Câncer: ciência explica por que os homens apresentam quadros mais
agressivos
Novo estudo mostra atuação de
hormônios sexuais masculinos, como a testosterona, no enfraquecimento de
células de defesa responsáveis por combater os tumores
Bernardo Yoneshigue, O Globo
O sexo do paciente
pode impactar de forma significativa a incidência e a progressão de uma série
de tumores, com dados do Instituto Nacional do Câncer dos Estados Unidos
apontando que homens têm um risco cerca de 20% maior de desenvolver o
diagnóstico. No Brasil, por exemplo, informações do INCA mostram um registro
quase 70% maior de novos casos de câncer de estômago no sexo masculino em 2020.
Agora, pesquisadores do Centro de Câncer da Universidade Estadual de Ohio, nos Estados
Unidos, descobriram uma nova explicação para o fenômeno.
Publicado neste mês
na revista científica Science Immunology, o novo trabalho examinou as
diferenças nas respostas do sistema imunológico dentro dos tumores em homens e
mulheres. O estudo descobriu que hormônios chamados de andrógenos contribuem
para a disfunção de células de defesa do corpo T CD8+, muitas vezes referidas
como células “assassinas” de câncer, que são críticas para a uma resposta
imunológica contra o tumor.
Os andrógenos são
hormônios produzidos pelos homens nos testículos e são responsáveis pelo
desenvolvimento das características sexuais masculinas, sendo a testosterona o
principal deles. As mulheres também os produzem, nos ovários, mas em
quantidades muito menores.
Segundo a nova descoberta, a resposta ao câncer é mais fraca na
população do sexo masculino pela atuação desses hormônios enfraquecendo as
células de defesa do corpo que deveriam atuar combatendo as células
cancerígenas.
O oncologista Décio Lerner, chefe do Centro Avançado de Oncologia
do Hospital São Vicente de Paulo, no Rio de Janeiro, explica que não era muito
claro o por que de homens terem risco maior para o câncer, com algumas teorias
ligadas à questão genética, em que mulheres teriam em maior quantidade genes
que proporcionam uma ação protetora contra tumores.

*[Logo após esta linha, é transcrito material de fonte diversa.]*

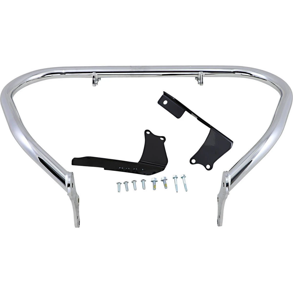 Our latest freeway bar features a V-Bend for a more up-to-date look. The bar angles in for a sharper profile than a traditional hoop-shaped freeway bar. The 1.25-inch diameter bar is available in either a chrome or black finish. Will not fit models with extended reach controls.
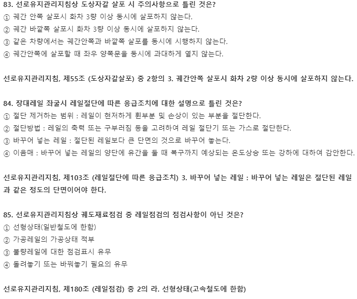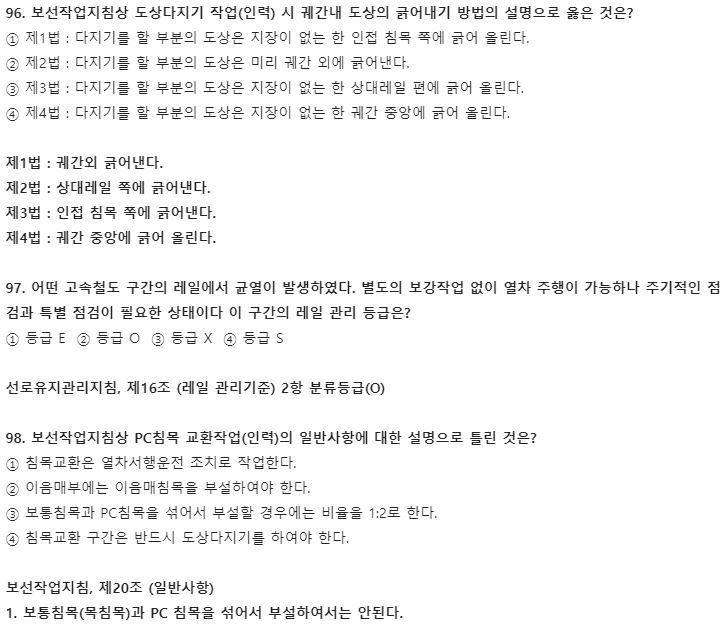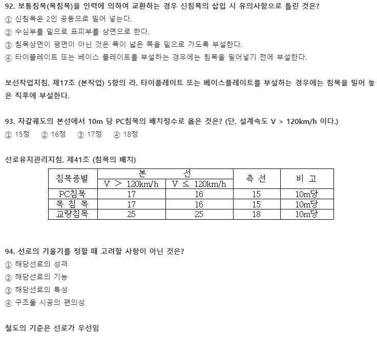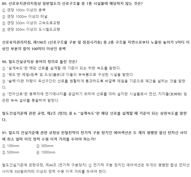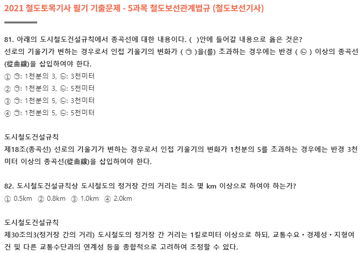 오늘은 2021년 철도토목기사(철도보선기사) 필기 기출문제 풀이를 소개합니다. 이 글에선 5과목 철도보선관계법규 풀이만 소개하겠으며, 2과목 측량학, 3과목 응용역학은 비슷한 회차 토목기사와 똑같습니다. 측량학, 응용역학 두 과목 공부를 위해선 교재 구매를 추천합니다. 필기 시험에 합격하고 실기를 준비하신다면 아래 실기 기출문제 풀이에 중요한 457개 요소 정리된 글도 함께 읽어보는 걸 추천합니다.

— Esse novo estudo fala pela primeira vez sobre uma ação dos
hormônios andrógenos para isso, mostrando que, quando ele se liga ao seu
receptor nas células do organismo, isso faz com que as células de defesa
responsáveis por combater o tumor tornem-se menos eficazes. Isso pode ter
várias repercussões porque existem drogas hoje que podem bloquear esses
receptores nas células — afirma o oncologista, que trabalha também no Instituto
Nacional de Câncer (INCA).
Para ele, a descoberta pode levar a novos tratamentos que envolvam
o bloqueio desse receptor para fortalecer a resposta do sistema imunológico ao
tumor. Lerner acrescenta que essa seria mais uma técnica utilizada hoje pela
imunoterapia para o tratamento de cânceres, que já conta com outros mecanismos
para induzir uma resposta do próprio organismo contra as células cancerígenas.
Trata-se do campo mais avançado hoje na área da oncologia.
— A imunoterapia mudou a história de diversas doenças, como do câncer
de pulmão e alguns tipos de linfomas, e se tornou um dos métodos de tratamento
mais revolucionários. Porém, apenas alguns tumores respondem ao tratamento,
além de serem drogas muito caras que hoje são utilizadas apenas em casos muito
bem definidos para os quais há o benefício — acrescenta o especialista.
A oncologista do
INCA e do Grupo Oncoclínicas Flora Lino destaca que as descobertas são
surpreendentes, mas ainda são necessários mais estudos para que novas formas de
tratamento sejam incorporadas à prática clínica.
— Ainda assim,
conhecimentos como esse têm levado a oncologia para outro nível de compreensão
sobre as doenças, com a descoberta de novos alvos para o tratamento
medicamentoso que permite bloquear os mecanismos envolvidos na proliferação e
perpetuação das células cancerígenas — explica a especialista.